Overview

The goal of Nemesis is to create an extensible file-processing system for Adversary Simulation operations which takes files collected from C2 agents and provides automated analysis and assists with triage.

Project Structure

./docs/ - Documentation that's published to the GitHub page
./infra/ - Infrastructure files (Dapr, Postgres, etc.)
./libs/ - Shared libraries between projects and the file_enrichment_modules
./projects/ - Applications that comprise the various Nemesis services
./tools/ - Miscellaneous helper scripts

Design Choices

Many of the decisions made with Nemesis 1.X resulted in an over-engineered system that was less flexible and difficult to expand/maintain. Nemesis 2.0 aims to take lessons learned and simplifies the entire architecture:

Docker/Docker-Compose is used instead of k8s for speed of development and general ease of use, especially as we didn't experiment with scaling in the previous version (we may move back to k8s at some point).
Dapr is now used to increase reliability and to offload infrastructure plumbing concerns
Strict protobuf schemas were dropped in favor of a flexible schema
Overall project code/approaches were greatly simplified
Dropped Elasticsearch (the largest resource hog) in favor of consolidating with PostgreSQL

HTTP Endpoint

Easy for people to create consumers without needing to structure their messages with protobuf.

RabbitMQ

We still use RabbitMQ as the main queuing system for Nemesis. While RabbitMQ does not have some of the features of Kafka such as persistent storage and replay, it is significantly lighter weight and can still scale well.

With Dapr pub/sub integration, this can easily be swapped out.

Dapr

Nemesis 2.0 makes heavy use of Dapr, the Distributed Application Runtime. The Dapr components that Nemesis utilizes are detailed in the following sections. Images in this page were pulled from the appropriate locations from the Dapr Documentation.

Pubsub

Nemesis utilizes the Dapr Publish & subscribe building block for its internal queueing system. Currently, Nemesis utilizes RabbitMQ for the queue, but this can easily be easily swapped for alternative systems like Kafka or Redis Streams by ensuring the provider is stood up in the docker-compose.yml, modifying the pubsub.yaml file with an alternative provider, and ensuring the connection string is passed through via an environment variable as in the current pubsub.yaml example.

Dapr Pubsub

Workflows

Dapr Workflows enable developers to build reliable, long-running business processes as code. They provide a way to orchestrate microservices with built-in state management, error handling, and retry logic for complex distributed applications.

Dapr Workflow Overview

Nemesis uses in two specific places/services. First, in the file_enrichment project, Dapr workflows are used to control the main file enrichment processing logic. The enrichment_workflow() function controls the main enrichment workflow, with the enrichment_module_workflow() function invoked as a child workflow.
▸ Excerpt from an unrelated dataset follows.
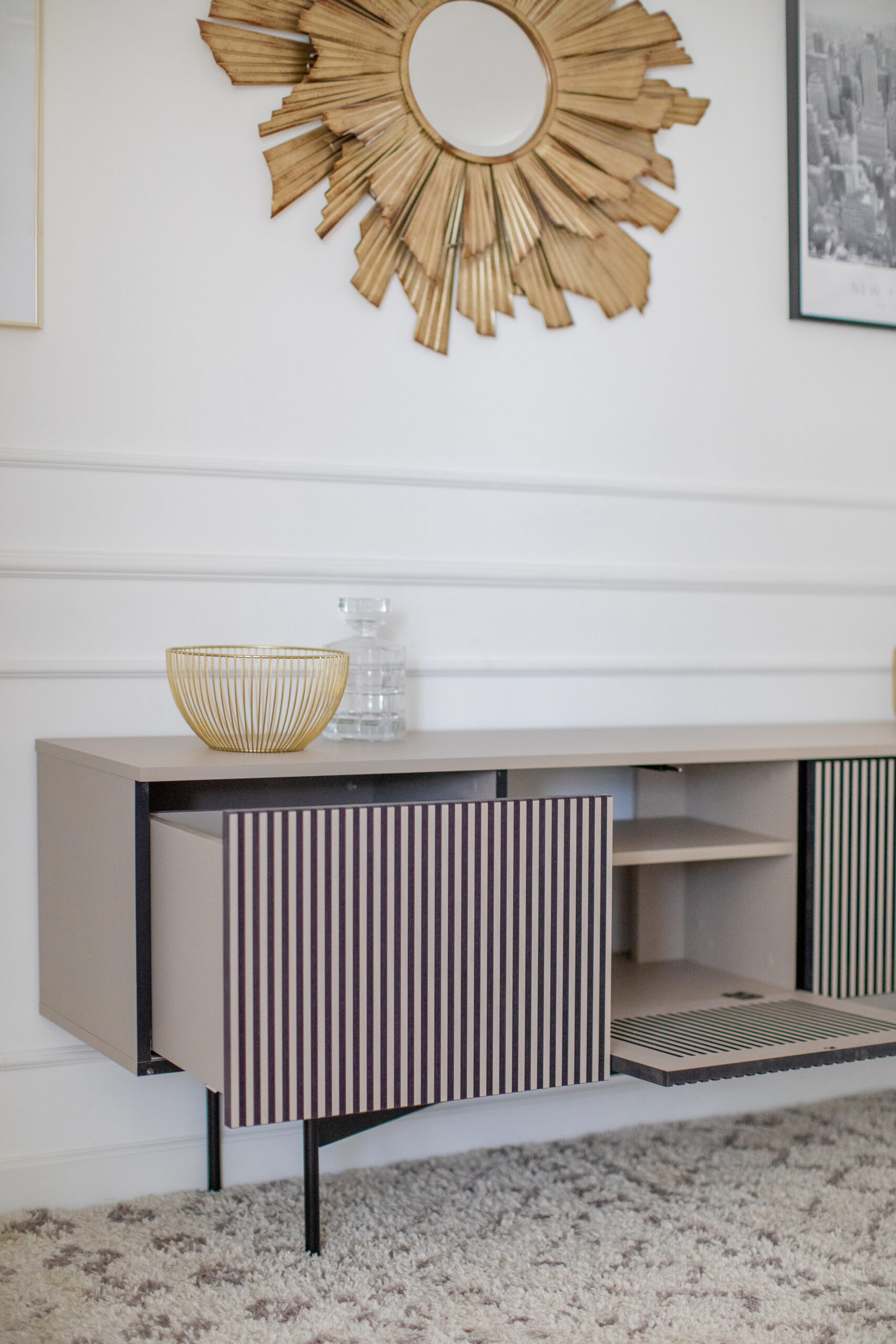 Rozwiązanie: *Spłyciliśmy dno mebla o około 5 cm i zostawiliśmy je otwarte w strategicznych miejscach, aby ukryć wszystkie kłopotliwe kable.
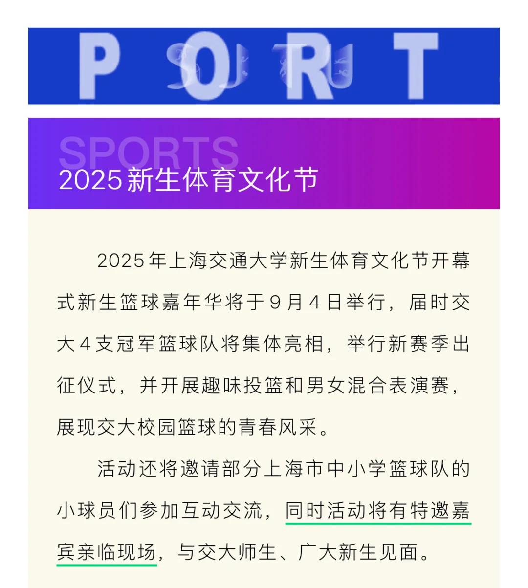 此前,上海交通大学曾在官方社媒宣布,将于9月4日开展2025新生体育文化节,会有特邀嘉宾亲临现场,而该体育文化节的合作品牌为NIKE。据悉,该活动为预约制,目前预约名额已满。

The document_conversion project also implements a Dapr workflow in the document_conversion_workflow() function to handle converting documents and extracting text. This is broken out into a separate project as it's a time-consuming task.

Secrets

Nemesis uses the Dapr Secrets management building block to protect secrets internally (like PostgreSQL connection parameters). Currently the Local environment variables component is used. These secrets are also referenced within some Dapr files such as pubsub.yaml.

This reason for using this abstraction is so alternative secret management systems like Vault or Kubernetes secrets can be used in the future:

Dapr Secrets

An example of retrieving secrets is in libs/common/common/db.py which retrieves individual PostgreSQL connection parameters (POSTGRES_USER, POSTGRES_PASSWORD, POSTGRES_HOST, POSTGRES_PORT, POSTGRES_DB, POSTGRES_PARAMETERS) and constructs the connection string.

Service Invocation

In a few places in Nemesis, Dapr's Service Invocation building block is used to ease the complexity of some API invocations. This building block is specifically used when calling the Gotenberg API and when calling some of the internal file enrichment APIs by the web API.